Adam Smith

Read this biographical article about Adam Smith. It contains some key insights about how The Wealth of Nations essentially created the field of economics and how its focus on labor rather than land ownership revolutionized international trade.

Influence

The Wealth of Nations, and to a lesser extent The Theory of Moral Sentiments, have become the starting point for any defense or critique of forms of capitalism, most influentially in the writings of Marx and Humanist economists. Because capitalism is so often associated with unbridled selfishness, there is a recent movement to emphasize the moral philosophy of Smith, with its focus on sympathy with one's fellows. Smith's economic theory helped to decouple the economic sector from government control, leading to greater incentives for economic development based on the protection of private property and division of labor.

In a market economy where there are many competing players of similar size and economic power, for example when all businesses and farms are family owned and run, the "invisible hand" theory functioned as an approximate truth. However, Smith did not see the rise of large corporations with the legal rights of persons, which could accumulate capital, merge with other large companies, acquire smaller companies, and destroy competitors through hostile takeovers, and trump the power of individuals in democracies.

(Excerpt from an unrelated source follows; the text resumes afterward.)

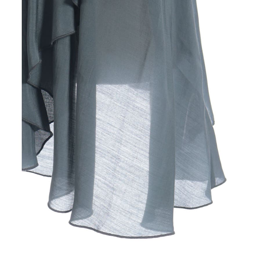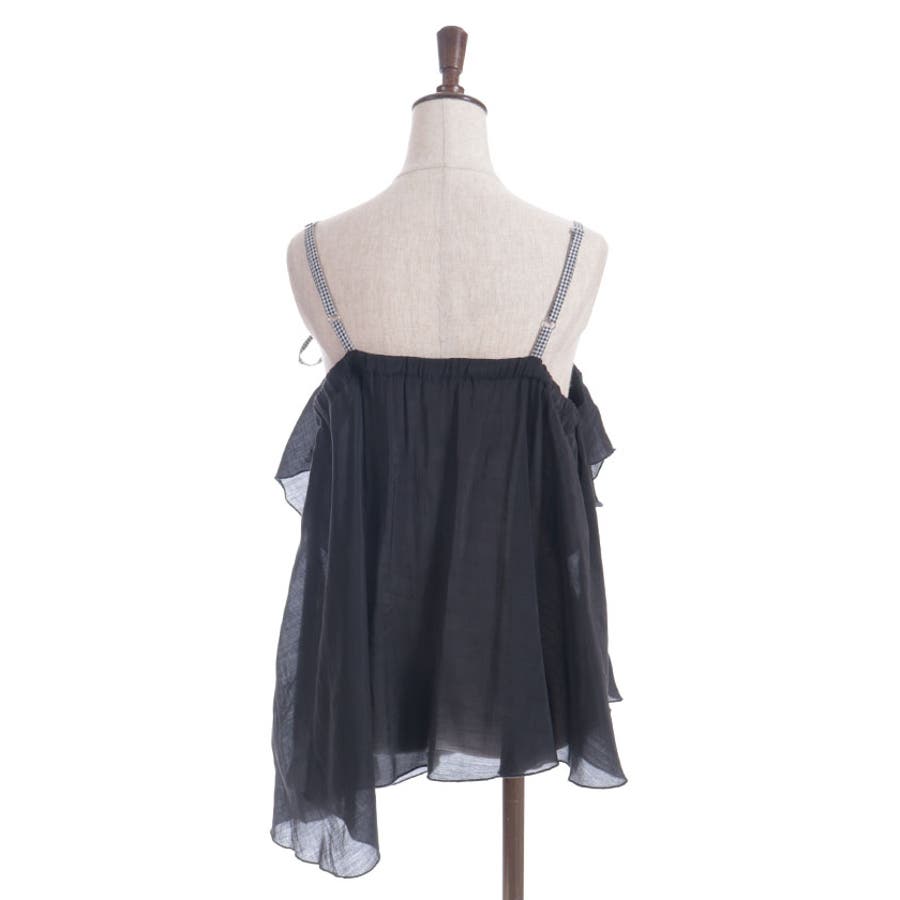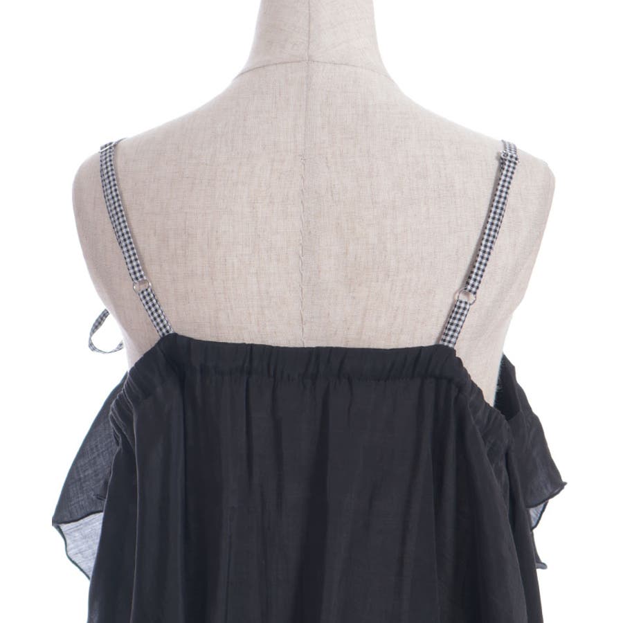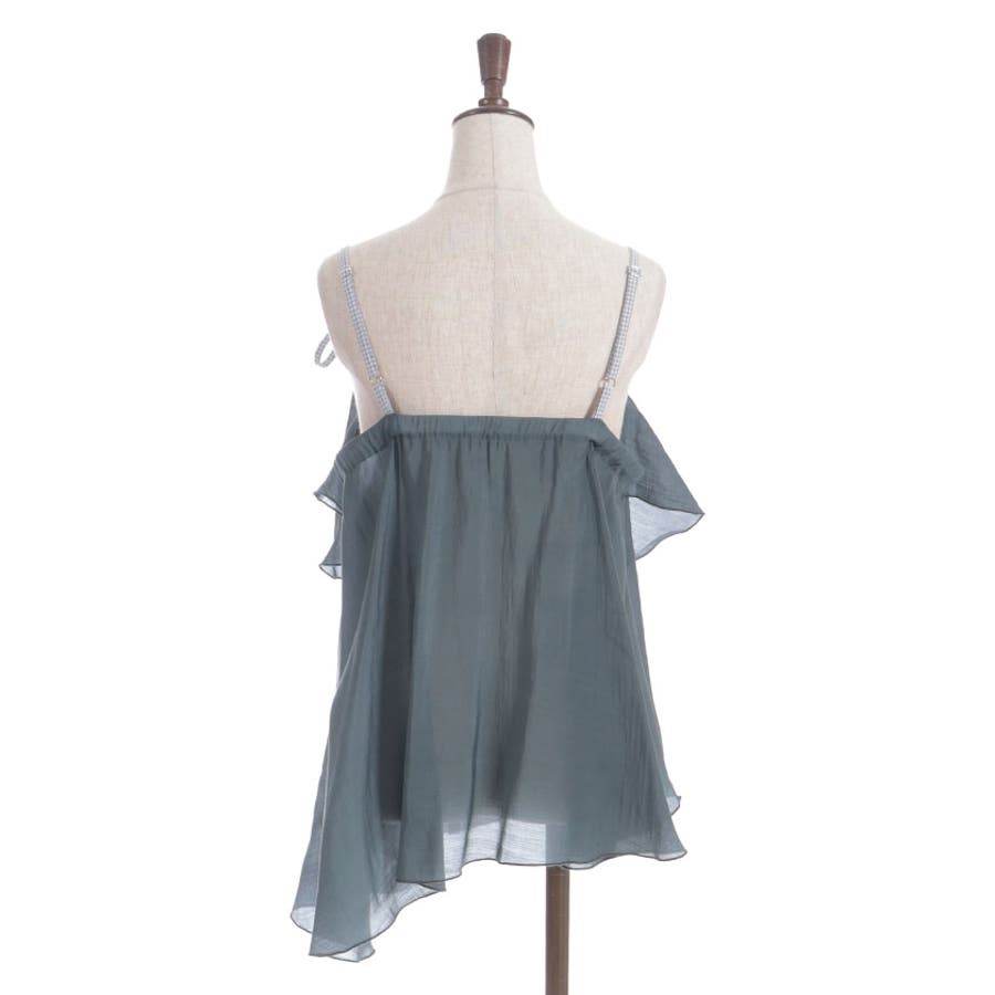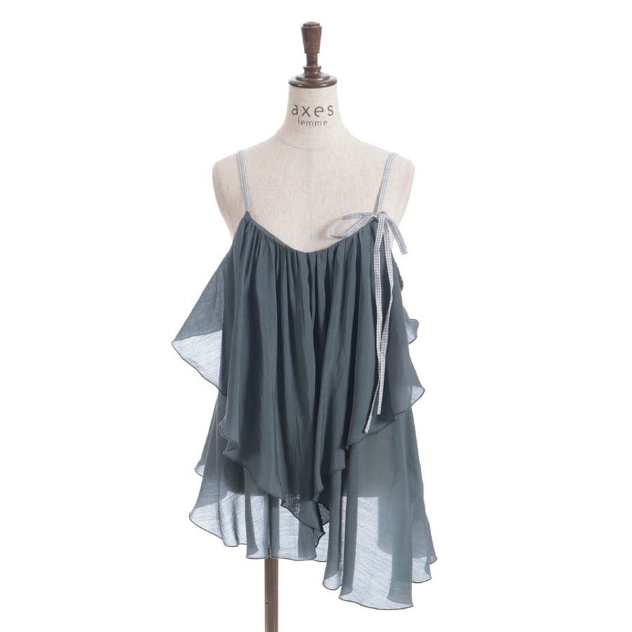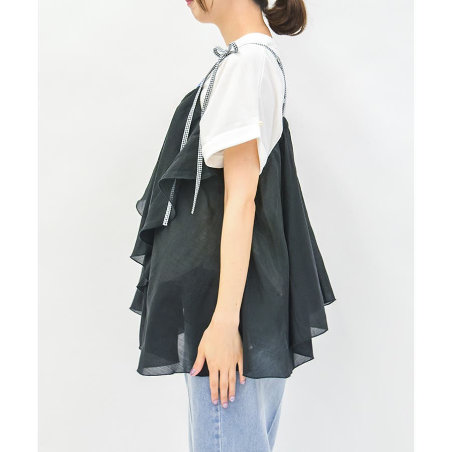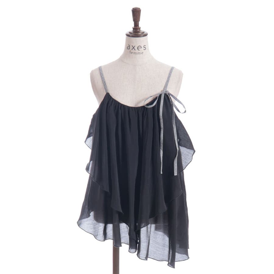 肩から流れるようなフリルとギャザーが女性らしさを引き立て、チェックリボンは取り外し可能・アレンジ自在。

These developments, which were made possible by freeing the market from government restrictions, reduce competitiveness of the market and thus the accuracy of the "invisible hand" theory. In a world in which the most powerful in the economic sphere selfishly exert control of the political sphere, a different set of injustices arise than were evident in the days of Smith, when those with the most political power selfishly interfered with the economic sector.